- [Exercise data]:
>>

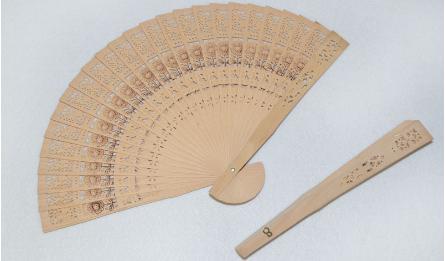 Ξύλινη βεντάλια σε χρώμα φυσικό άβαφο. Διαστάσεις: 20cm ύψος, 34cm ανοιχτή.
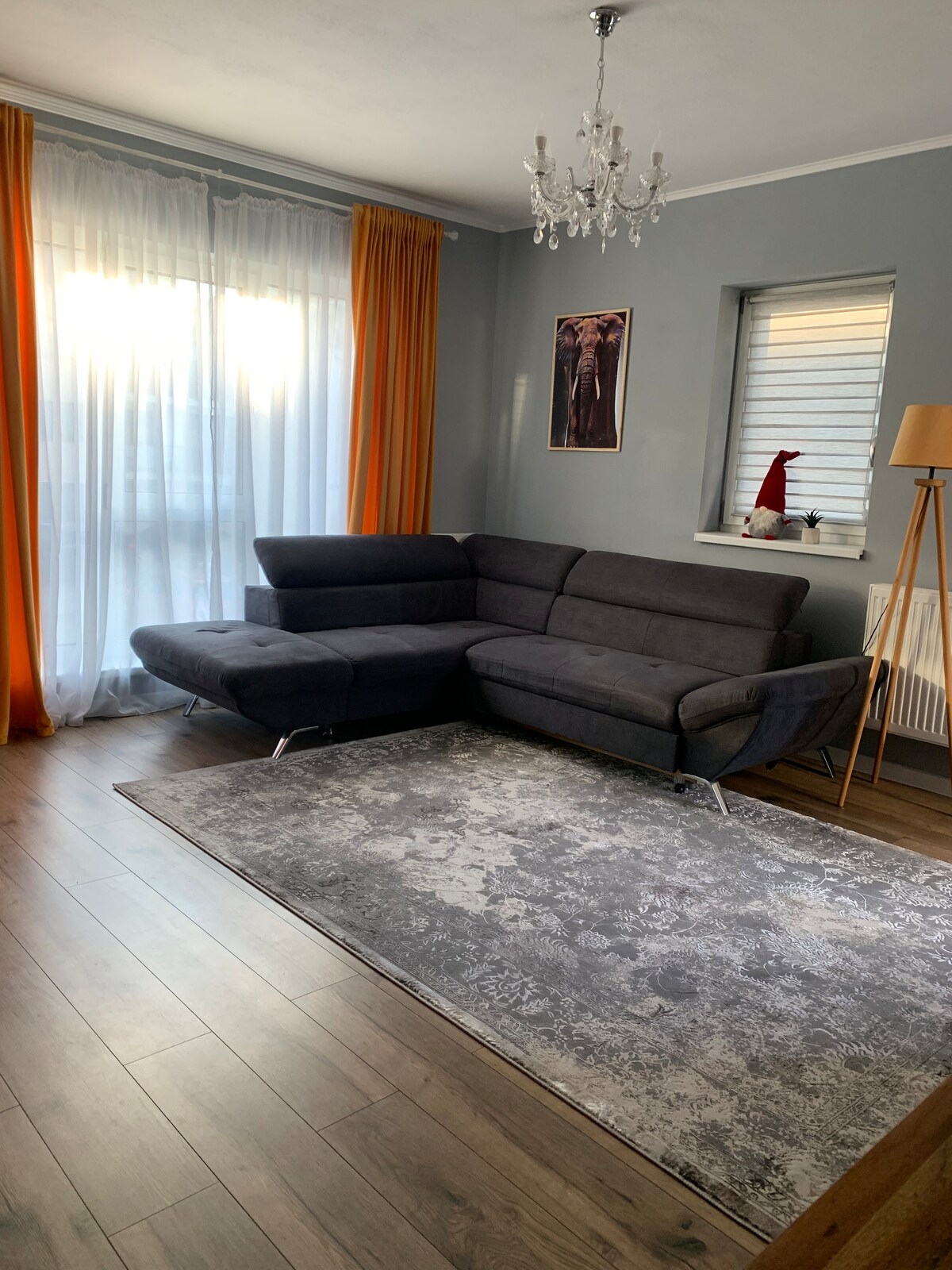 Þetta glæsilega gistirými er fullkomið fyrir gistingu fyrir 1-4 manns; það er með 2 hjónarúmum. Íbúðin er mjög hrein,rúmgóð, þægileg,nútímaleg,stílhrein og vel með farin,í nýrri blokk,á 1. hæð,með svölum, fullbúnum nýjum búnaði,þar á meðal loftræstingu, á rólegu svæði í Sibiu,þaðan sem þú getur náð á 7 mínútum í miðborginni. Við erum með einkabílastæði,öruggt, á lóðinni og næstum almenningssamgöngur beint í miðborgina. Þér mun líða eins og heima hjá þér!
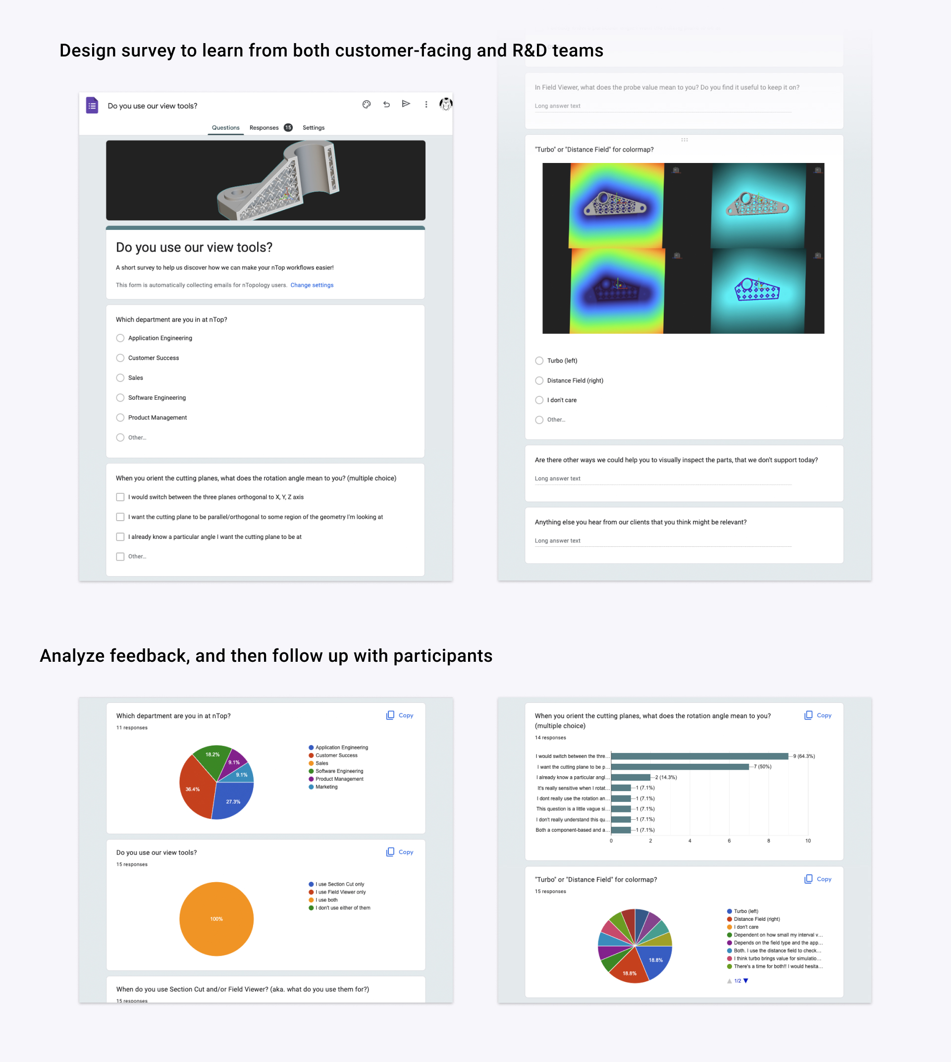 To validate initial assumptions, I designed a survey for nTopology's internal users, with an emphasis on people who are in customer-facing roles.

<<
>>

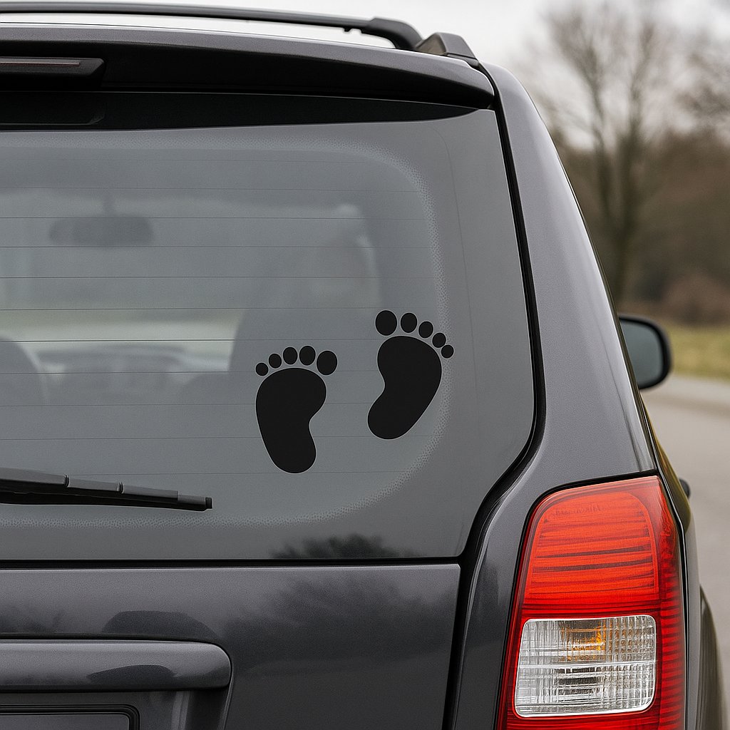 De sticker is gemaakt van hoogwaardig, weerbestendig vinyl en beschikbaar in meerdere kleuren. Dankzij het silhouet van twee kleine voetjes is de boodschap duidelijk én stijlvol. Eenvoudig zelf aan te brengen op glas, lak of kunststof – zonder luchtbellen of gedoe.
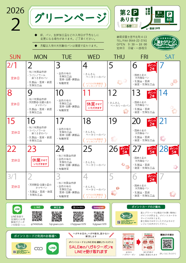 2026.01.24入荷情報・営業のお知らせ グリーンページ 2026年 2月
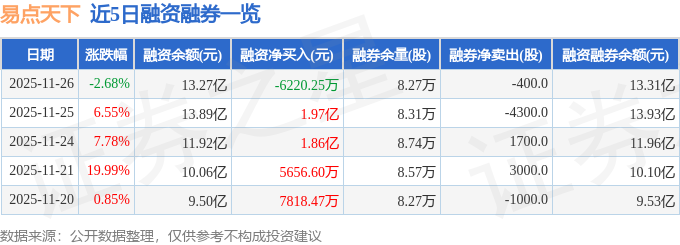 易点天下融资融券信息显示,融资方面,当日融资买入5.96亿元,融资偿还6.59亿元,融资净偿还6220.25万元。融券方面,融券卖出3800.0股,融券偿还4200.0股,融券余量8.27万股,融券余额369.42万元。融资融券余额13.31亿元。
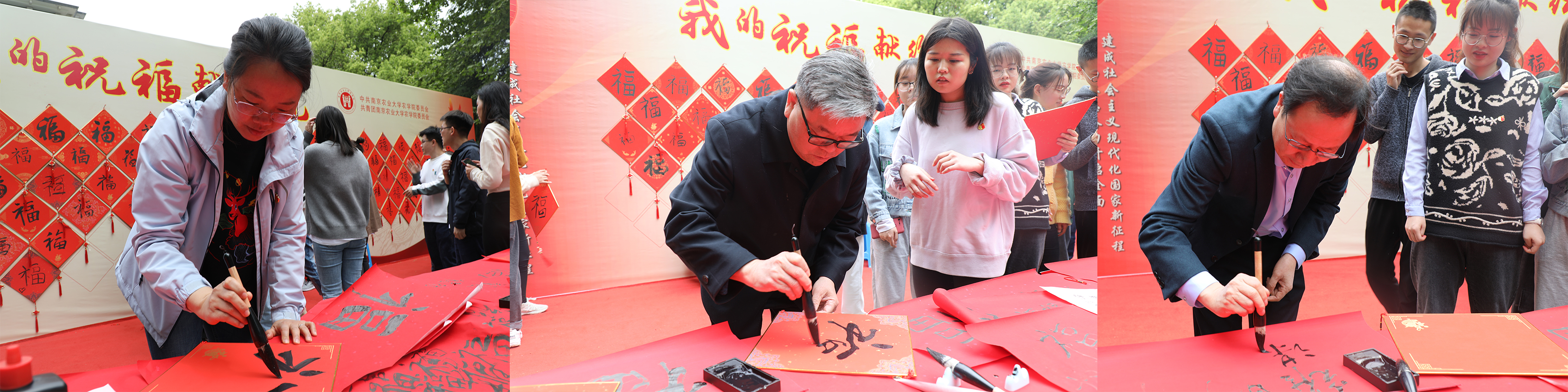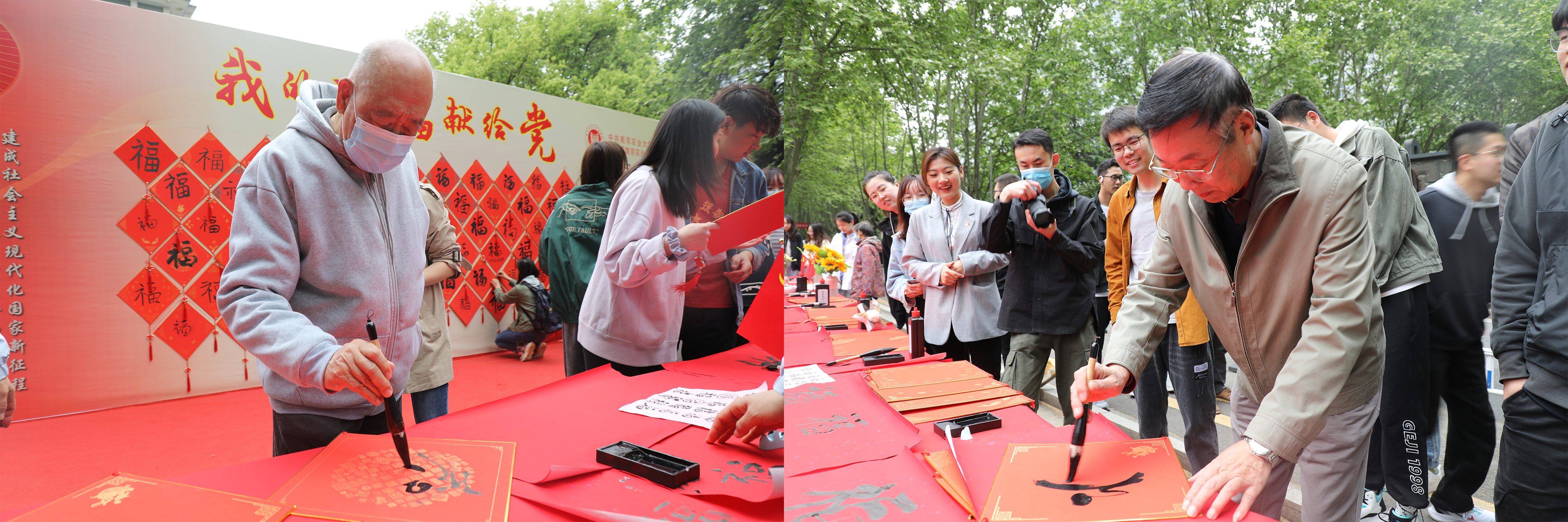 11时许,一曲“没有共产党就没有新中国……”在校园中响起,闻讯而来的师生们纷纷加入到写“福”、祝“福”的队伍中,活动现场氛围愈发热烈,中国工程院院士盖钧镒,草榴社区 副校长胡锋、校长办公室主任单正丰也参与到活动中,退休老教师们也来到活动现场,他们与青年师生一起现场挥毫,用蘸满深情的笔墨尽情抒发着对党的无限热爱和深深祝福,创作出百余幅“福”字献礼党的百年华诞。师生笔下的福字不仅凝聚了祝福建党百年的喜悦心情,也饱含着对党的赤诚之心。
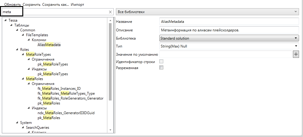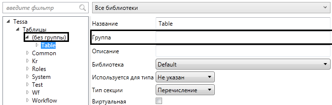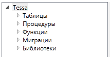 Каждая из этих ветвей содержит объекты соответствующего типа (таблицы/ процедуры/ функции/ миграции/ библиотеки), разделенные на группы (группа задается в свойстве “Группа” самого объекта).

<<

- [Exercise goal]: The material above holds pictures; leave them out. Repeat exactly the lines from the one containing "De sticker is" through the one containing "Каждая из этих", and nothing else.

- [Exercise response]:
 De sticker is gemaakt van hoogwaardig, weerbestendig vinyl en beschikbaar in meerdere kleuren. Dankzij het silhouet van twee kleine voetjes is de boodschap duidelijk én stijlvol. Eenvoudig zelf aan te brengen op glas, lak of kunststof – zonder luchtbellen of gedoe.
 2026.01.24入荷情報・営業のお知らせ グリーンページ 2026年 2月
 易点天下融资融券信息显示,融资方面,当日融资买入5.96亿元,融资偿还6.59亿元,融资净偿还6220.25万元。融券方面,融券卖出3800.0股,融券偿还4200.0股,融券余量8.27万股,融券余额369.42万元。融资融券余额13.31亿元。
 11时许,一曲“没有共产党就没有新中国……”在校园中响起,闻讯而来的师生们纷纷加入到写“福”、祝“福”的队伍中,活动现场氛围愈发热烈,中国工程院院士盖钧镒,草榴社区 副校长胡锋、校长办公室主任单正丰也参与到活动中,退休老教师们也来到活动现场,他们与青年师生一起现场挥毫,用蘸满深情的笔墨尽情抒发着对党的无限热爱和深深祝福,创作出百余幅“福”字献礼党的百年华诞。师生笔下的福字不仅凝聚了祝福建党百年的喜悦心情,也饱含着对党的赤诚之心。
 Каждая из этих ветвей содержит объекты соответствующего типа (таблицы/ процедуры/ функции/ миграции/ библиотеки), разделенные на группы (группа задается в свойстве “Группа” самого объекта).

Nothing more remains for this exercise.